Status: Proposed Date: 2025-12-23 Updated: 2025-12-31 (revised per ADR-CF01) Related: ADR-A01: Object-Service GenAI, ADR-A09: V1 Simplified Implementation, ADR-A14: File-Based Registry System, ADR-CF01: Runtime Context Strategy Issue: #22
Context¶
The current GenAIService implementation (V1) is not thread-safe and lacks rate limiting. This blocks critical production use cases:
- Concurrent/Parallel Processing: Batch document processing, pipeline parallelization
- Rate Limit Compliance: Avoiding API throttling and 429 errors in high-throughput scenarios
- Resource Efficiency: Safe sharing of service instances across threads/workers
Current Issues¶
Thread Safety Gaps:
- Shared Retry State (
openai_client.py:35) - Single
Retryinginstance stored inself._retry_caller - Mutated on each
generate()call (lines 45-54) - Tenacity's
Retryingis not designed for concurrent reuse -
Impact: Concurrent calls can trample each other's retry state and backoff timings
-
Unprotected Cache (
prompt_system/transport/cache.py:24-53) InMemoryCacheTransportuses plaindictwith TTL- No locking on read/write operations
- Impact: Race conditions, cache corruption, unpredictable eviction
Rate Limiting Gap:
- No implementation despite architectural plan (design-strategy.md:104, ADR-A14)

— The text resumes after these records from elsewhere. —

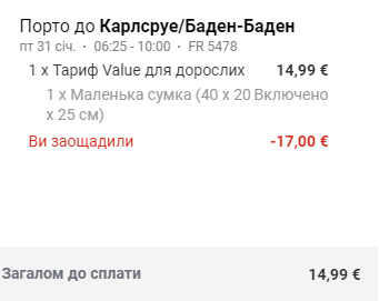 Дата – 31 січня. Ціна – €15. Якщо повертаємось з Порту в Карлсруе 27 січня, то вартість квитка — €19 в один бік.
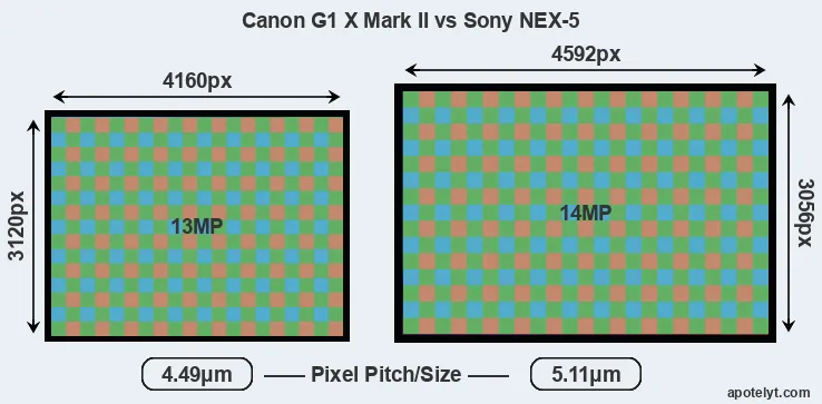With 14MP, the NEX-5 offers a higher resolution than the G1X Mark II (13MP), but the NEX-5 nevertheless has larger individual pixels (pixel pitch of 5.11μm versus 4.49μm for the G1X Mark II) due to its larger sensor. However, the G1X Mark II is a much more recent model (by 3 years and 9 months) than the NEX-5, and its sensor will have benefitted from technological advances during this time that enhance the light gathering capacity of its pixel-units.
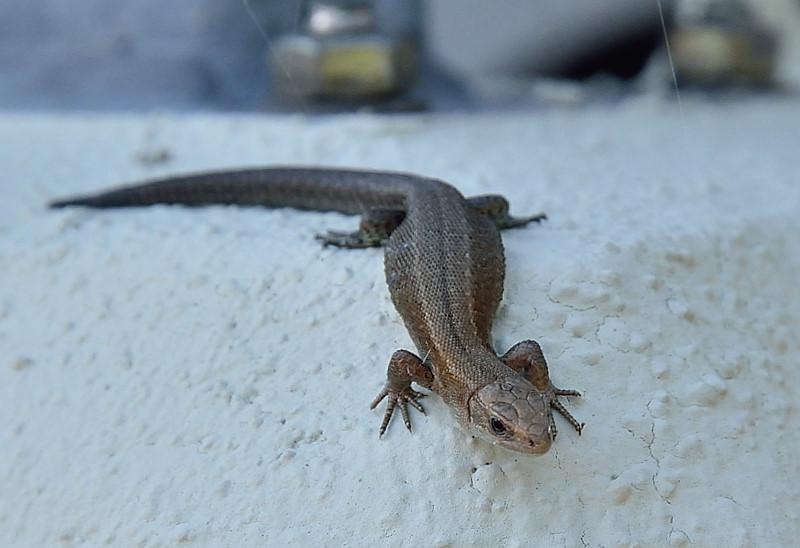 Seit Jahren war es die erste Eidechse, die ich hier (wieder) sah. Ca. 10 cm war sie lang und alles andere als scheu. Ich denke, es ist ein Jungtier vom vergangenen Jahr.
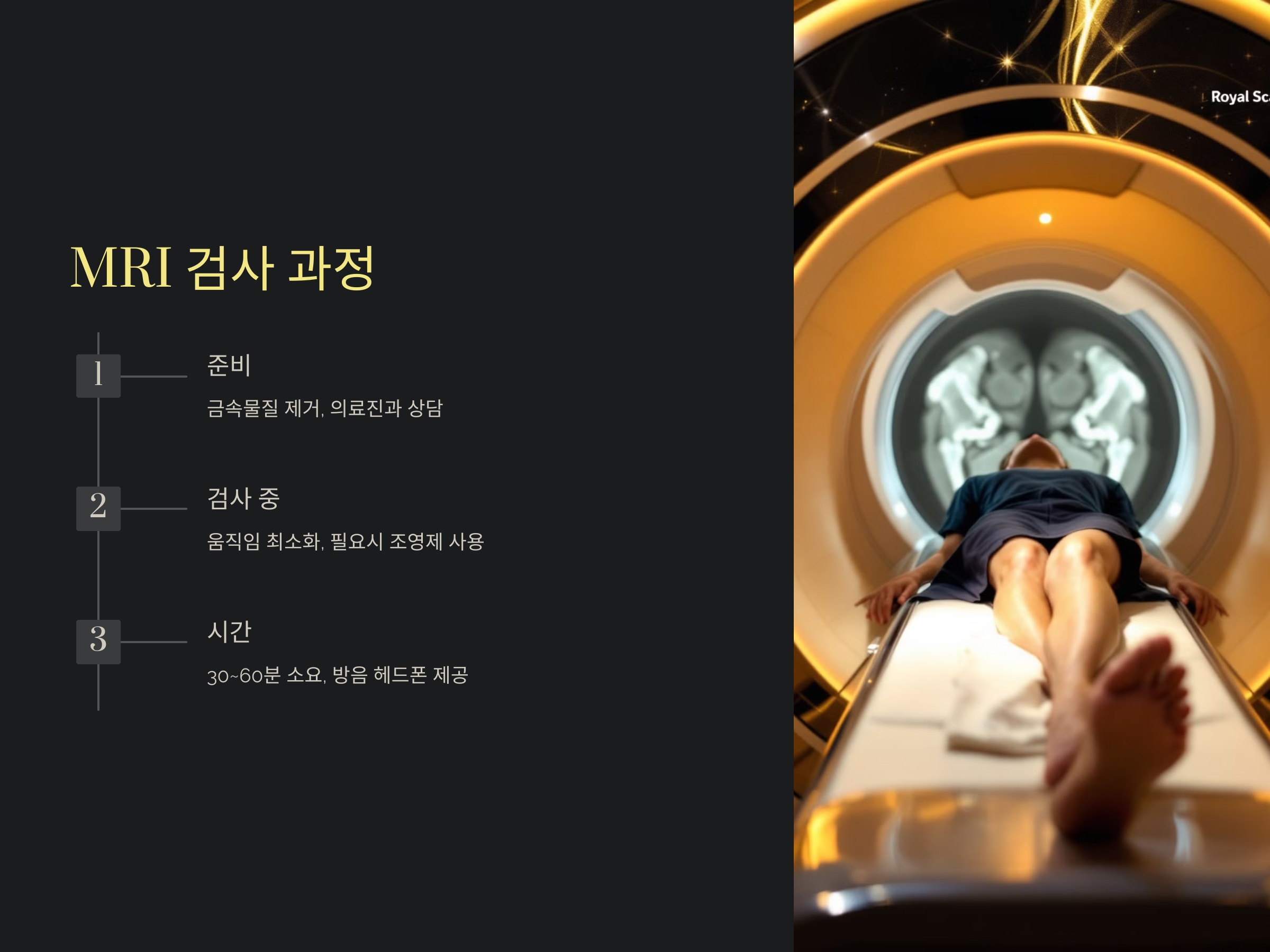 검사 시간은 보통 30~60분이며, 과정 중 불편함을 줄이기 위해 방음 헤드폰이나 음악을 제공하기도 합니다.
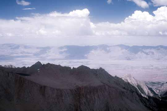 Mount Langley (14,026') to the north. When Clarence King made his second failed attempt to climb Mt. Whitney in 1864, he climbed this peak by mistake and claimed victory. (0207A-16).
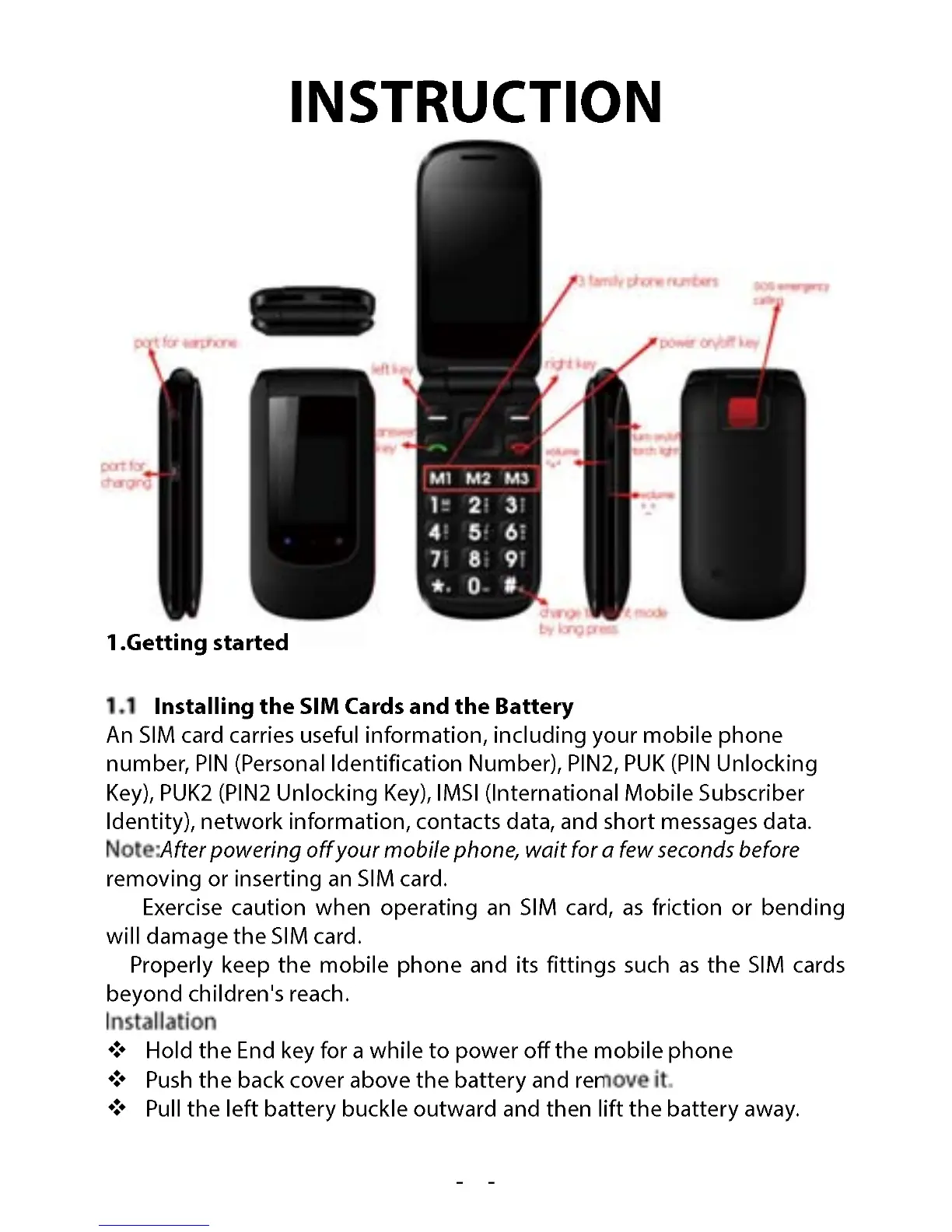 Sunstech CELT21 - 1. Getting started; 1.1 Installing the SIM Cards and the Battery
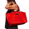 Anastasia es una cartera en un cuero único con trama cocodrilo, color rojo fuerte en un cuero agamuzado de muy fina textura.
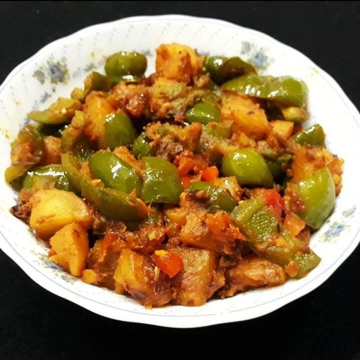 Cubos temperados com uma combinação de especiarias preparados com cebola e tomate

- OpenAI enforces RPM (Requests Per Minute) and TPM (Tokens Per Minute) limits
- Limits vary by tier: Tier 1 ~500 RPM, Tier 2+ ~5000 RPM
- Without tracking, batch jobs risk cascading 429 errors and exponential backoff delays
Performance Analysis¶
Per-Instance Overhead (tested): - GenAIService instantiation: <1ms, ~few KB memory - Dominated by network I/O (100-500ms per request) - Conclusion: Per-instance pattern is viable for 20-100 concurrent calls
Rate Limit Risk: - 20-30 concurrent calls: No risk even on Tier 1 - 100+ concurrent calls: Requires rate limiting on Tier 1 accounts - Tier 2+ accounts: Rate limiting recommended for predictable performance
Decision¶
Implement thread-safe service operations and provider-aware rate limiting in two phases:
Phase 1: Thread Safety (Quick Win)¶
Enable safe concurrent usage through isolated retry state and locked cache access.
Changes:
- Per-Call Retry Objects (
openai_client.py) - Move
_create_retry_caller()invocation from__init__togenerate() - Remove
self._retry_callerinstance variable -
Each request gets fresh retry state (no shared mutation)
-
Thread-Safe Cache (
prompt_system/transport/cache.py) - Add
threading.LocktoInMemoryCacheTransport - Wrap all dict operations (
get,set,invalidate,clear) with lock -
Preserve existing API (backward compatible)
-
Documentation & Testing
- Add docstring warnings about concurrency patterns
- Add integration test: concurrent
generate()calls with shared instance - Document per-instance pattern as safe alternative
Phase 2: Rate Limiting (Production Hardening)¶
Implement provider-aware rate limiting with configurable limits and token tracking.
Architecture:
# gen_ai_service/infra/rate_limiter.py
class TokenBucketRateLimiter:
"""Thread-safe token bucket rate limiter.
Tracks both requests/minute (RPM) and tokens/minute (TPM)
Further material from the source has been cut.